# EQUIMAX...anyone used this? *UPDATED w/ results*



## FunnyRiverFarm (Sep 13, 2008)

I was just wondering if anyone out there has used the dewormer EQUIMAX, and if so, what dosage? It's supposed to kill just about everything. I've read before to double or triple the dose for goats with most horse dewormers, but since this is so strong I wasn't sure. Thanks in advance for any replies!


I noticed over the weekend that my goats had tapeworms--I could see the segments in their poo. So, after getting some reassurance from badnewsboers that EQUIMAX was safe and effective, I treated both my does with EQUIMAX at 3x the horse dose on wednesday morning. By wednesday afternoon, one of my does had passed a huge clod of dead worms and today I am happy to report that I've seen no sign of any tapeworms--dead or alive. I will continue to moniter the situation but from the looks of what they pooped out yesterday I think the worms have been pretty well wiped out...with only 1 dose! Hooray for EQUIMAX!


----------



## badnewsboers (May 9, 2008)

*Re: EQUIMAX...anyone used this?*

I've had good luck with Equimax in goats. I don't worry about overdosing with it so much since it is an Ivermectrin base and still follow the 2-3x guideline when it comes to dosing.


----------



## capriola-nd (Jul 6, 2008)

*Re: EQUIMAX...anyone used this?*

Where do u find this EquiMax? Feed stores?


----------



## RunAround (Feb 17, 2008)

*Re: EQUIMAX...anyone used this?*

Yep, it's labeled for horses.


----------



## sixshooterfarm (Oct 18, 2007)

Wow that is crazy, I know my feed store carries it so I guess I am gonna go get some of that stuff!!


----------



## liz (Oct 5, 2007)

Thats good that you had great results....just remember to dose them again 10 days after the first, to be sure you got the ones missed.

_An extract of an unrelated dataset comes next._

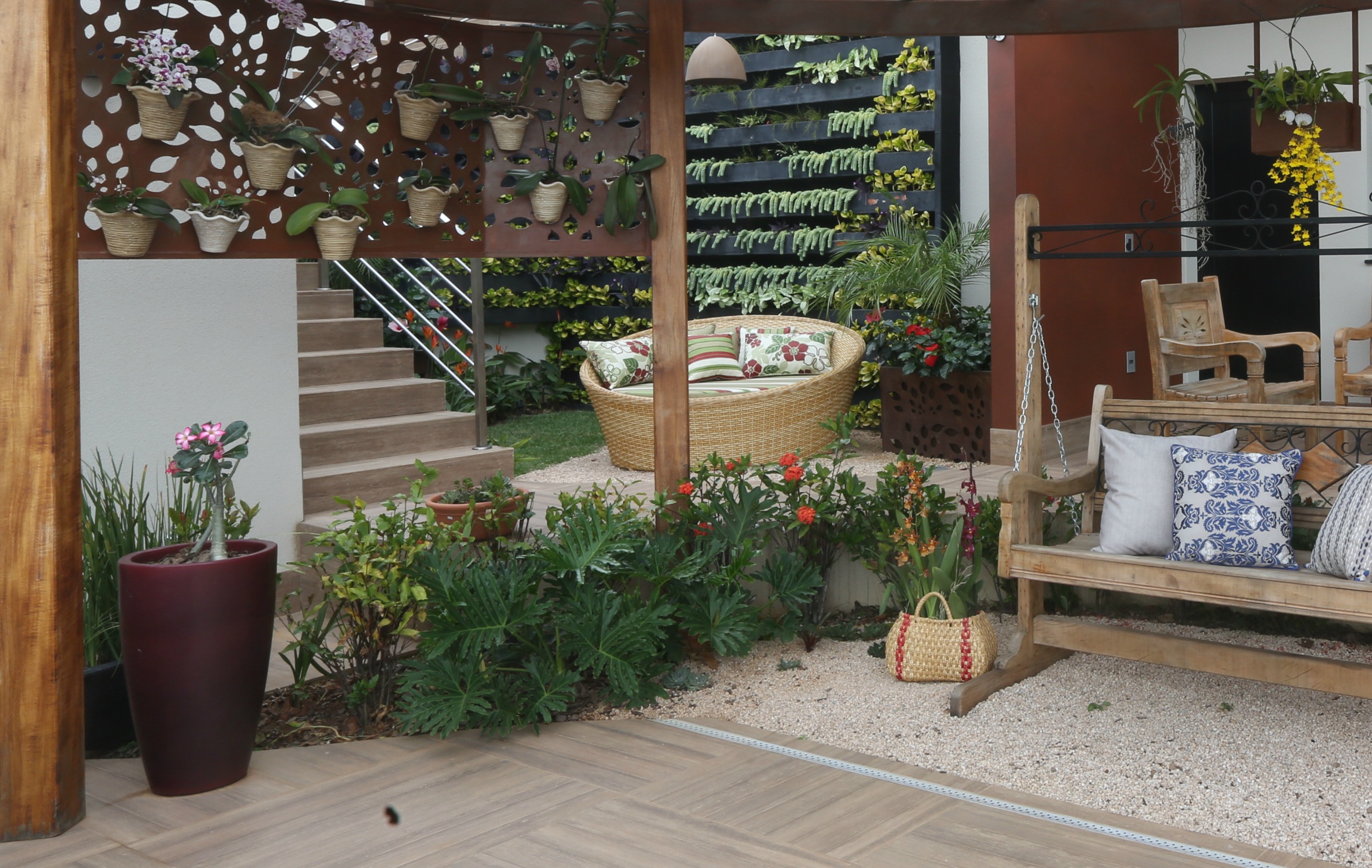 Com plantas cultivadas em paredes verdes e em vasos exclusivos, este jardim compacto esbanja charme e criatividade

Guess now that I see it worked for you...I can use it when TSC is out of the Ivercare, Thanks for posting the ????? about it. :greengrin:


----------



## StaceyRosado (Oct 5, 2007)

ok if it is ivermectin based then you must have had roundworms and not tapeworms as ivermectin does not get rid of tapeworms


----------



## FunnyRiverFarm (Sep 13, 2008)

It has invermectin and praziquantel...I know the praziquantel is for tapeworms because it is the same thing that was in my de-tapeworming stuff for dogs. And yeah...they were definitely tape worms...blehhk!


----------



## StaceyRosado (Oct 5, 2007)

ok that makes more sense then


----------



## RunAround (Feb 17, 2008)

I was looking at that and Zimectrin Gold. Looks like Equimax has a higher concentration of everything in it compared to the Zimectrin Gold. Just and fyi for if anyone gets the gold, you might need to give more of it. It's weird because they are both for horses.... :? 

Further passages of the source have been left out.